Where can you live out all your Jane Austen fantasies in one place?
It would be hard to find anywhere more quintessentially English than the Cotswolds. Just an hour-and-a-half drive from London reveals a scene of bucolic bliss — the English countryside that inspired the tales of Jane Austen and Lewis Carroll.
Cotswolds is England’s largest Area of Outstanding Natural Beauty, and it’s vast, covering over 1000 square kilometres across five counties: Oxfordshire, Gloucestershire, Wiltshire, Warwickshire and Worcestershire. Away from the spotlight, some of the best boutique hotels and paddock-to-plate pubs in the country are attracting a new wave of weekenders seeking a first-class experience.
To visit the area’s highlights, start north and journey south — the old market town of Chipping Campden, referred to as ‘the jewel of the Cotswolds’, is a great place to begin. Arriving in its centre is like stepping onto a Shakespearean set. The High Street buildings date back to the 14th century and are constructed in the region’s characteristic stone. At its heart stands a remarkable 17th century marketplace, and its Medieval perpendicular church is a must see. Amble through the village and soak up the history, being sure to stop off for a cream tea (scones with clotted cream and jam) at one of its coffee shops.

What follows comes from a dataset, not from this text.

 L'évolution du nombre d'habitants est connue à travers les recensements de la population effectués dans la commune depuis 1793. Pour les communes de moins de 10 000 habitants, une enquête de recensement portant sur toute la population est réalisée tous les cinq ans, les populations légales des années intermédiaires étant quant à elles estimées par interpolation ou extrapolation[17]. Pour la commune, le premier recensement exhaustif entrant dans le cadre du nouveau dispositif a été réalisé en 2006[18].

Down the road, The Ebrington Arms is a hidden gem that is quietly causing a stir in the culinary world. The pub’s landlords, Jim and Claire Alexander, both left successful careers in London’s music business to fulfil their dream of running a country pub. On first impressions, The Ebrington Arms is a classic inn, with wonky walls, low beams and muddy dogs sprawled in front of roaring fires. It’s been serving the tiny village of Ebrington since the 1640s and, with its current seasonal and organic menu, it was recently named the UK’s best village inn by The Times.
A short drive takes you to the handsome village of Broadway with its exquisite houses, regal inns, manicured lawns and art galleries. Hidden deep within a sprawling 160-hectare estate overlooking Broadway, you’ll find Dormy House hotel. An old farmhouse turned boutique bolthole, it recently completed a £10 million ($18.2 million) renovation. Flagstone floors, plush sofas and grand fireplaces offer a home-from-home level of comfort. In the spa, thermal suites, lavender infusion saunas and an outdoor fireside hot tub are some of the highlights. For spectacular views of the surrounding countryside, climb a couple of miles to reach Broadway Tower. An 18th-century folly, it’s otherwise known as the Highest Little Castle in the Cotswolds with dramatic turrets, gargoyles and balconies.

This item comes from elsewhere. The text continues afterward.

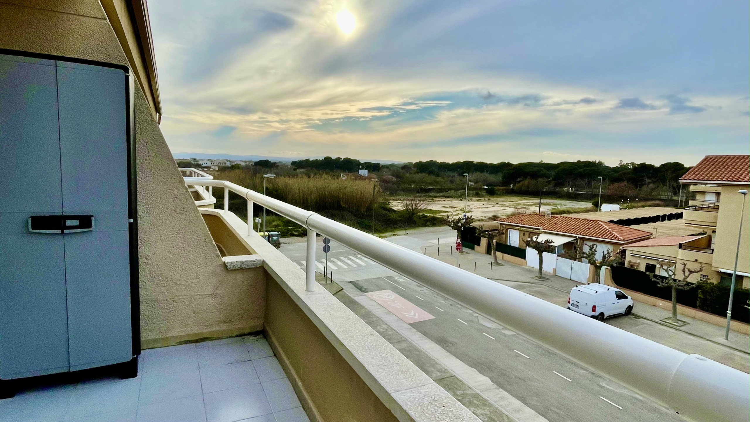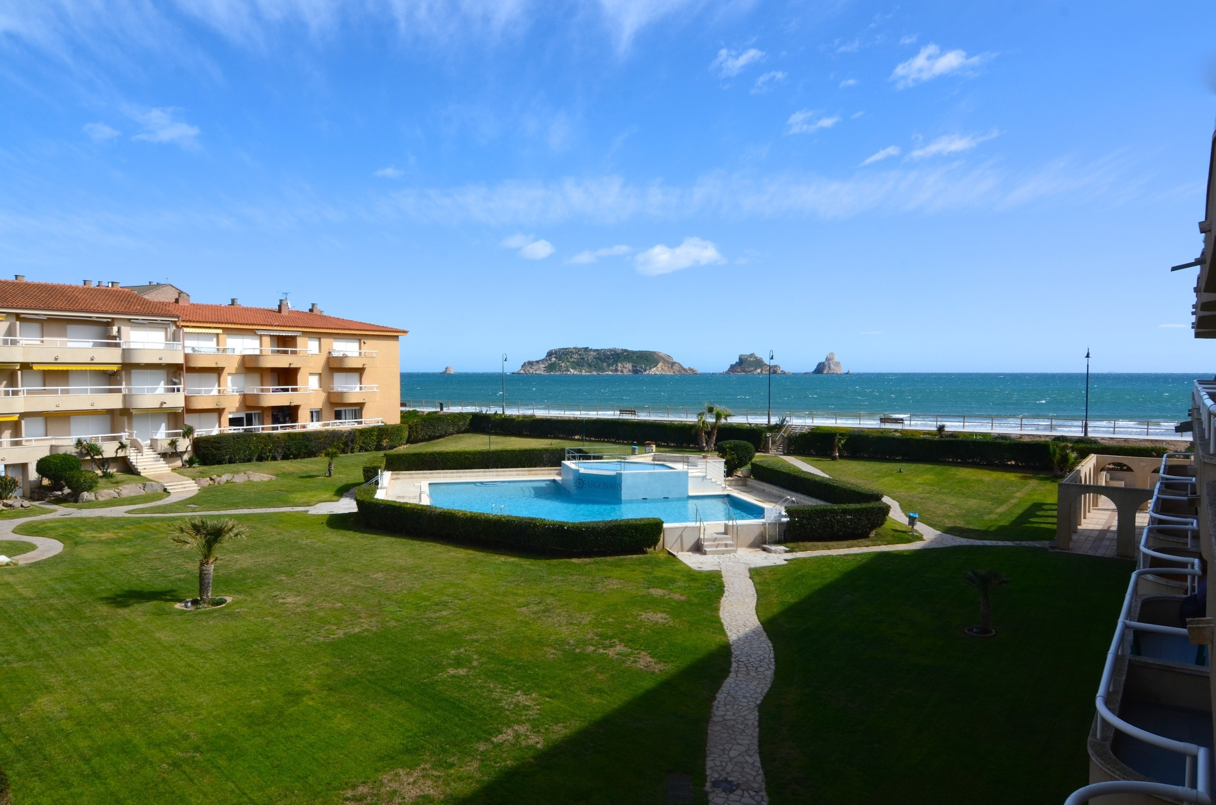 L'apartament té una gran terrassa amb una vista immillorable de tot el complex Rocamaura, amb la piscina als teus peus i les Illes Medes de fons.

THE SLAUGHTERS, BOURTON-ON-THE-WAY AND BIBURY
Journey south, and you’ll find some of the most photographed villages of the Cotswolds: The Slaughters (Upper and Lower), Bourton-on-the-Water and Bibury. The Slaughters take their name from Old English meaning ‘muddy place’, though now that couldn’t be farther from the truth. Lower Slaughter is a place of perfectly proportioned cottages and window boxes bursting with bright flowers.
Barnsley House is the ultimate romantic hideaway. Tucked into the charming village of Barnsley, you can feel its history, from the exposed beams to the original windows and fireplaces. The bathrooms here are particularly fabulous, with freestanding roll top baths. The landscaped gardens were designed by Rosemary Verey (who also created the gardens of Prince Charles and Sir Elton John).
From here, the next stop is Bourton-on-the-Water, with its five bridges crossing the river which runs through its heart; and Bibury’s ancient Arlington Row — a collection of 14th-century cottages on the banks of the River Coln — is deemed so iconic that it features on the inside of British passports.
The glass-fronted lakeside villas at The Lakes by Yoo are another new addition to the area. With boating, canoeing, bird watching and wild swimming on offer, the pièce de résistance is the Barn House with interiors designed by supermodel and Cotswolds enthusiast, Kate Moss.
On your way to the Lakes, stock up on delicious produce and treats at Daylesford’s organic farm shop and cafe. A countryside institution, the majority of food is sourced from its own farm — there’s even a dairy and creamery on site.
Pack your wellies, your swimmers, and prepare to loosen your belt. There’s no better time to escape to England’s green and pleasant land.